___ Source material

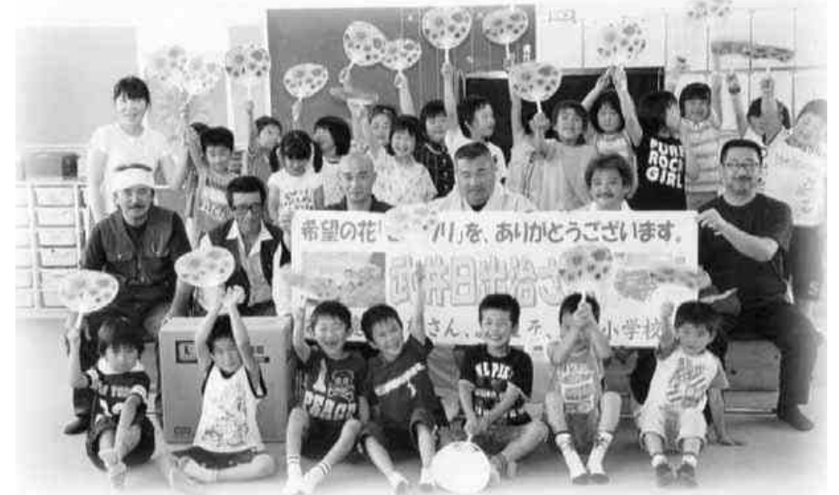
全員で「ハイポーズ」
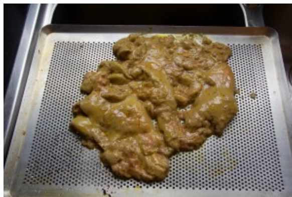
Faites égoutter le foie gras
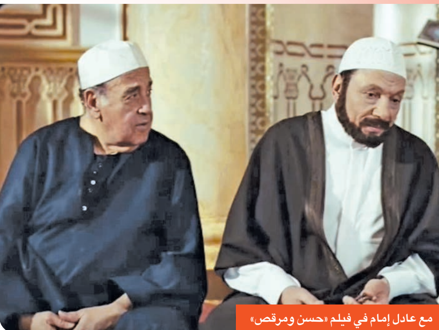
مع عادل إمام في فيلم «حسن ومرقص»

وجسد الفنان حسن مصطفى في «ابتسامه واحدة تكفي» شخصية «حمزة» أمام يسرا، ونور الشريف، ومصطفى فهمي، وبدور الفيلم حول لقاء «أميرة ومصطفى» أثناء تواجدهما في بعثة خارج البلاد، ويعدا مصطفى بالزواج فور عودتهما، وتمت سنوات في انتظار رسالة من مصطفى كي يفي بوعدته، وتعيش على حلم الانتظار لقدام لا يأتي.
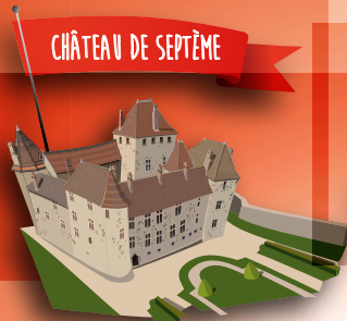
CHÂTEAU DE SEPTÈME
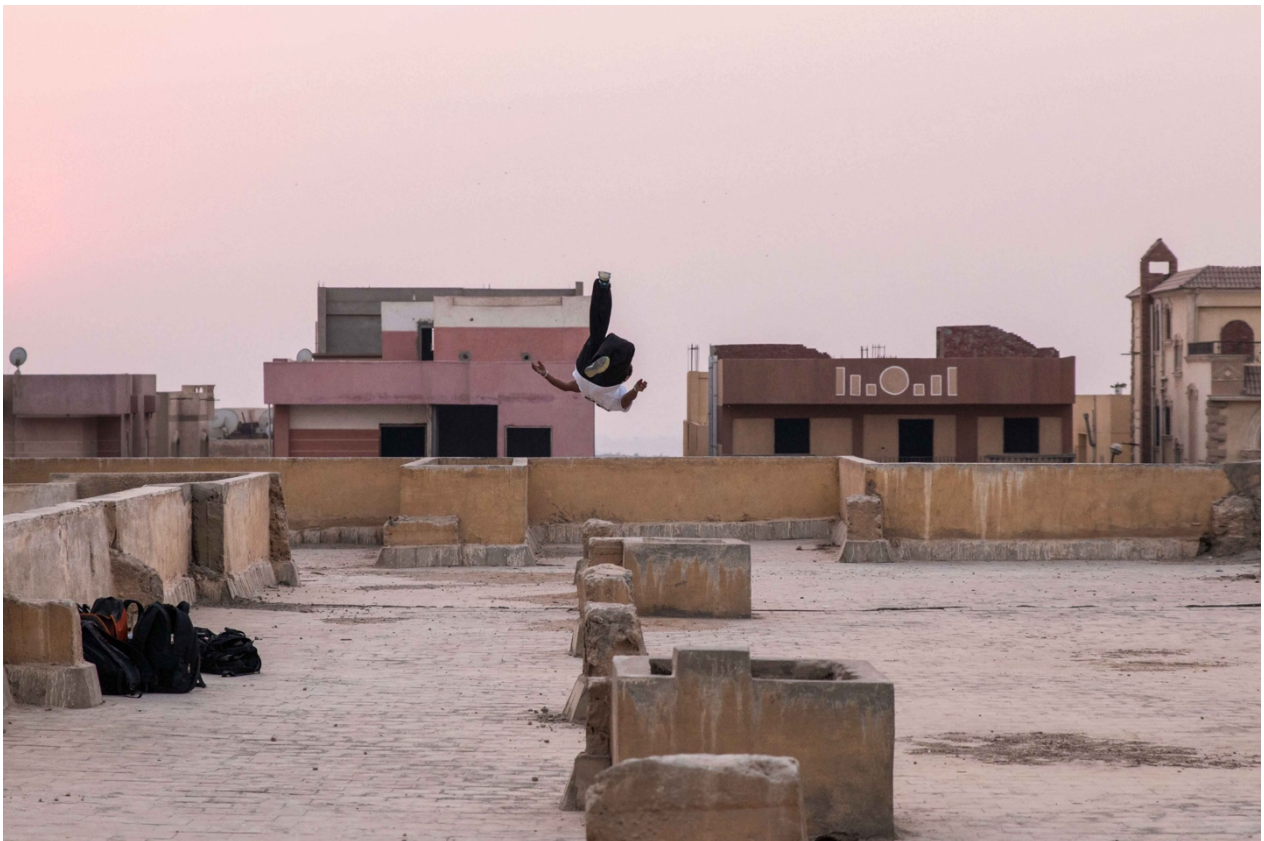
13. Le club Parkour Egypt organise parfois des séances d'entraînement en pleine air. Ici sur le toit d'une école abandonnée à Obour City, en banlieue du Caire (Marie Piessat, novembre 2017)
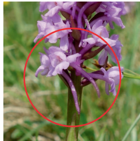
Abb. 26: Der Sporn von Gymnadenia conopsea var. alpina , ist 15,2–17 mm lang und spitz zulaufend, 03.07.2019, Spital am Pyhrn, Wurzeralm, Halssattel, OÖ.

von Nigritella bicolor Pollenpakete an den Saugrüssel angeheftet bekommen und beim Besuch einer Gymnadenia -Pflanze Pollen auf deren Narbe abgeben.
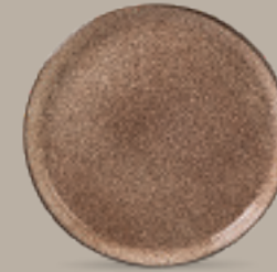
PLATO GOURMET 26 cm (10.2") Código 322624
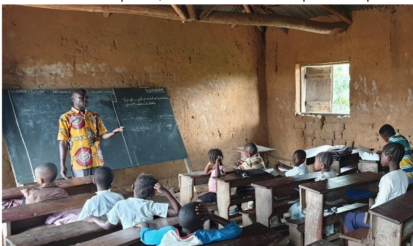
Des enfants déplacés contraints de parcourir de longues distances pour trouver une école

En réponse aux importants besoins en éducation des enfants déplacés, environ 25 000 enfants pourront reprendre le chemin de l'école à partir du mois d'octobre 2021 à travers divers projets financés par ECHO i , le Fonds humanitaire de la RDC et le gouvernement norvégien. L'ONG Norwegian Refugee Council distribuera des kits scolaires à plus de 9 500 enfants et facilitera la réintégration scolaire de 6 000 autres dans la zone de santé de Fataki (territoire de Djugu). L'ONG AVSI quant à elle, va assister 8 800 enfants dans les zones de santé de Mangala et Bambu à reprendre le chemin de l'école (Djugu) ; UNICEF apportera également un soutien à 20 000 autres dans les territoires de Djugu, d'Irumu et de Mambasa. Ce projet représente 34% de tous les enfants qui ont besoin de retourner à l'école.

______

Gather from the data above every line with the string "Gymnadenia".

Answer to the exercise:
Abb. 26: Der Sporn von Gymnadenia conopsea var. alpina , ist 15,2–17 mm lang und spitz zulaufend, 03.07.2019, Spital am Pyhrn, Wurzeralm, Halssattel, OÖ.
von Nigritella bicolor Pollenpakete an den Saugrüssel angeheftet bekommen und beim Besuch einer Gymnadenia -Pflanze Pollen auf deren Narbe abgeben.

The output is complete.